Rivard est parvenue à défendre deux de ses trois titres paralympiques acquis à Rio de Janeiro en 2016: ceux au 100 m libre S10 et au 400 m libre S10. Elle a cependant laissé filer celui au 50 m libre S10, se contentant finalement du disque de bronze. Une performance qu'elle a toujours de la difficulté à digérer.

« C'est une grande déception pour moi. Je m'en allais là pour gagner l'or, a-t-elle admis. Il n'y a même pas eu de piège; c'est ma performance qui est carrément inexplicable. Ce n'est pas une erreur que j'ai commise ou quoi que ce soit, je ne sais pas ce qui s'est produit. Point. C'est ce qui me fâche. Le lendemain de ce résultat au 50 m libre, j'ai fait la même course à l'entraînement et j'ai nagé plus vite. C'est donc très frustrant, sauf que ça m'a servi de tremplin pour mes résultats suivants au 100 m et au 400 m libres. »

Évidemment, ses statistiques ahurissantes entraînent nécessairement son lot de comparaisons avec le légendaire paranageur québécois Benoît Huot. Ce dernier a récolté 20 médailles , dont neuf d'or, en cinq éditions des Jeux paralympiques. Rivard jure cependant qu'elle n'a pas les marques de Huot dans sa ligne de mire.

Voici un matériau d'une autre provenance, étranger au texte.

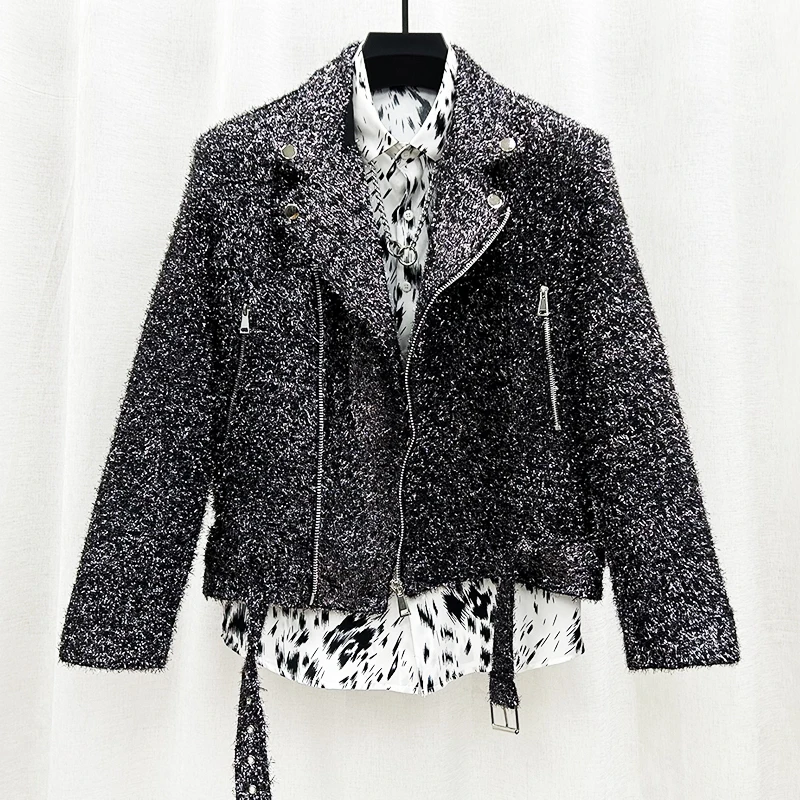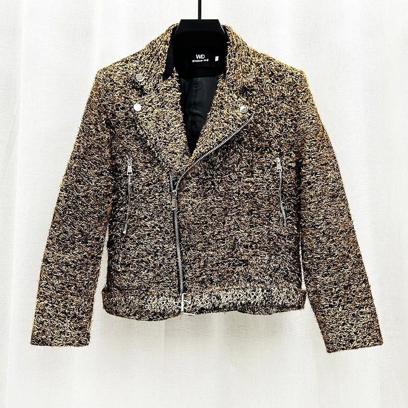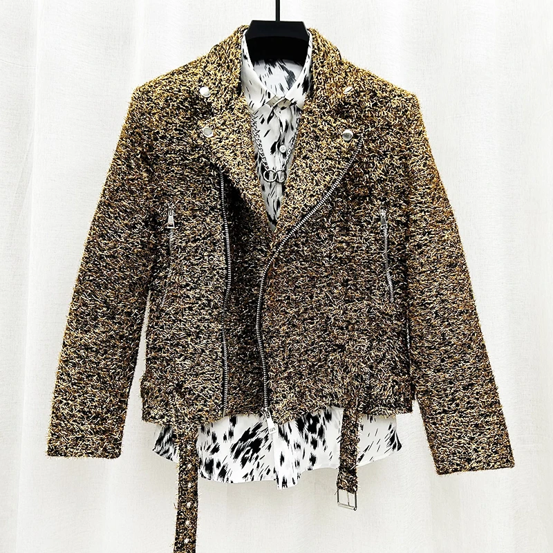 PFHQ Heavy Industry Shining Shiny Silk Jackets Men’s Loose Short Light Luxury Zipper Small Fragrant Delicacy Coat Autumn 21Z2839

« Ce que `Ben' a accompli au cours de la dernière décennie, c'est unique en soi. Et plus ça va aller, plus ce sera difficile à reproduire. Il va rester pour toujours une légende dans notre milieu (de la paranatation). `Ben' serait le premier à vouloir que je batte ses records, mais ça ne fait pas partie de mes objectifs, aux choses qui me trottent en tête. Ceci étant dit, c'est déjà un très grand honneur d'être comparé à lui, qu'on mentionne mon nom dans la même phrase que le sien », a-t-elle confié.

Il reste que Rivard considère sa plus récente récolte de médailles à Tokyo comme étant la plus représentative de son illustre carrière.

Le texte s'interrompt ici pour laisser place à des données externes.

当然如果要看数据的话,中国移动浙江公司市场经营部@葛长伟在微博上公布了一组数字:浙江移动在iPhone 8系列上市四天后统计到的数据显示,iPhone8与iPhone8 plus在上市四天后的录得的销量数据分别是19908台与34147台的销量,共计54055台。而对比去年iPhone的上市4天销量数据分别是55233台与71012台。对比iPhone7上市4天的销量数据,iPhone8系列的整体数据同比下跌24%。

« Plus je vieillis, plus je trouve qu'elles prennent de la valeur. C'est difficile de se faire une place dans le milieu, et c'est encore plus difficile de la maintenir. Je trouve qu'après l'année qu'on vient de passer, avec la pandémie et tout, je trouve ça très gratifiant d'avoir été en mesure de connaître de telles performances (à Tokyo). Nous avons tout de même été limités dans nos entraînements ici, au Canada, donc ces 21 médailles là sont encore plus spéciales que celles acquises il y a quatre ans, par exemple », a-t-elle expliqué.

Rivard s'accordera maintenant une pause de quelques mois, loin de la piscine, afin de poursuivre ses études à l'université (en droit à l'Université Laval). La principale intéressée prévoit retourner dans la piscine à compter de février 2022.

Quant à savoir si elle compte être de nouveau sur la ligne de départ aux Jeux paralympiques de Paris en 2024, il faudra patienter encore un peu avant de connaître sa réponse.

« C'est difficile à dire, car on n'a jamais vécu de cycle olympique de trois ans. On a moins de temps pour peaufiner les détails, et je pourrai peut-être en parler dans trois ans - si je me rends. Mais pour l'instant, je ne change pas mon plan, je veux prendre une pause », a-t-elle confié.

« En ce moment, je veux simplement dire `oui' à tout ce que j'ai dit `non' depuis un an. Je veux revoir mes amis, ma famille, mes proches, et profiter un peu de la vie. Ensuite, je saurai qu'il est temps de retourner nager quand je vais commencer à tourner en rond dans la maison », a-t-elle conclu, en riant.